1. Always poll in batches

You should only retrieve a batch of items at a time. I have recently had to diagnose an OutOfMemoryError thrown by a scheduled job while trying to retrieve all possible items for processing.

The system integration tests were passing as they were using small amounts of data, but when the scheduled job was offline for two days because of some deployment issue, the number of items (to be processed) had accumulated since there was no one to consume them, and when the scheduler went back online, it couldn’t consume those, since they didn’t fit the scheduler memory heap. So setting a high scheduling frequency rate is not enough.

To prevent this situation you need to get only a batch of items, consume them, and then you can rerun the process until there is nothing left to process.

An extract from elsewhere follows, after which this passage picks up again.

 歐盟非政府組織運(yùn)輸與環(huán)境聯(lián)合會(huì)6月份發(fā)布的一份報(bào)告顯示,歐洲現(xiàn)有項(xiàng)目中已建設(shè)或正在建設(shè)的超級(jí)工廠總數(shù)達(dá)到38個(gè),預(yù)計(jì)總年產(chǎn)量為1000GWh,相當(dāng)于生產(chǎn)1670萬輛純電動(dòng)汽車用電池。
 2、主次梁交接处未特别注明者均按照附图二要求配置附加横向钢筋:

2. Write a thread-safe batch processor

Typically a scheduled job should run correctly no matter how many jobs you choose to run in parallel. So the batch processor should be stateless, using only a local job execution context to pass state from one component to the other. Even tread-safe global variables are not so safe after all, since jobs’ data might get mixed up on concurrent executions.

3. Throttling

When using queues (input or within the batch processor) you should always have a throttling policy. If the items producing rate is always higher than the consuming one you are heading for disaster. If the queued items are held in memory, you’ll eventually run out of it. If the items are stored in a persisted queue, you’ll run out of space. So, you need a mechanism of balancing the producers and consumers. As long as the producing rate is finite you just to make sure you have the right number of consumers to balance out the producing rate.

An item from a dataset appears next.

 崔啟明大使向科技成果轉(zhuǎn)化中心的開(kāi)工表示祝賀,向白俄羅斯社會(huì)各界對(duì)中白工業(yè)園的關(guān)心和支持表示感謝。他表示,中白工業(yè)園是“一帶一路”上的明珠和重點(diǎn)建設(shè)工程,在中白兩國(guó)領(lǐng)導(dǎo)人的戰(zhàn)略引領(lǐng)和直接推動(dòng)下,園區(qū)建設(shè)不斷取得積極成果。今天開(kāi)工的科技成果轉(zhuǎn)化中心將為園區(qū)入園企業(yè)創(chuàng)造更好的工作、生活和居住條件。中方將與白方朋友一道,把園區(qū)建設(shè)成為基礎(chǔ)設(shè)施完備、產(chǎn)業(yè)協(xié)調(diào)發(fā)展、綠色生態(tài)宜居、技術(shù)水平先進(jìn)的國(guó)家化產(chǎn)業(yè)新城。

Auto-scaling consumers like starting new ones whenever the queue size grows beyond a given threshold is a suitable adaptive strategy. Killing consumers as the queue size goes below some other threshold allows you to free unnecessary idle threads.

The create-new-consumer threshold should be greater than the kill-idle one because if they were equal you would get a create-kill jitter when the queue size fluctuates around the threshold size.

4. Storing job results

Storing job results in memory is not very thought-out. Choosing a persistence storage (MongoDb capped collection) is a better option.

If the results are held in memory and you forget to limit them to an upper bound, your batch processor will eventually run out of memory. Restarting the scheduler will wipe out your previous job results, and those are extremely valuable, since it’s the only feedback you get.

5. Flooding external service providers

for(GeocodeRequest geocodeRequest : batchRequests) {
   mapsService.resolveLocation(geocodeRequest);
}

This code is flooding your map provider, since as soon as you finish a request a new one will be issued almost instantly, putting a lot of pressure on their servers. If the batchRequests number is high enough you might get banned.

You should add a short delay between requests, but don’t put your current tread to sleep, use a EIP Delayer instead.

6. Use a EIP style programming for your batch processor

While the procedural style programming is the default mind-set of most programmers, many batch processing tasks fit better on an Enterprise Integration Patterns design. All the aforementioned rules are easier to implement using EIP tools such as:

  • message queues
  • polling channels
  • transformers
  • splitters/aggregators
  • delayers

Using EIP components eases testing, since you are focusing on a single responsibility at a time. The EIP components communicate through messages conveyed by queues, so changing one synchronous processing channel to a thread-pool dispatched one is just a configuration detail.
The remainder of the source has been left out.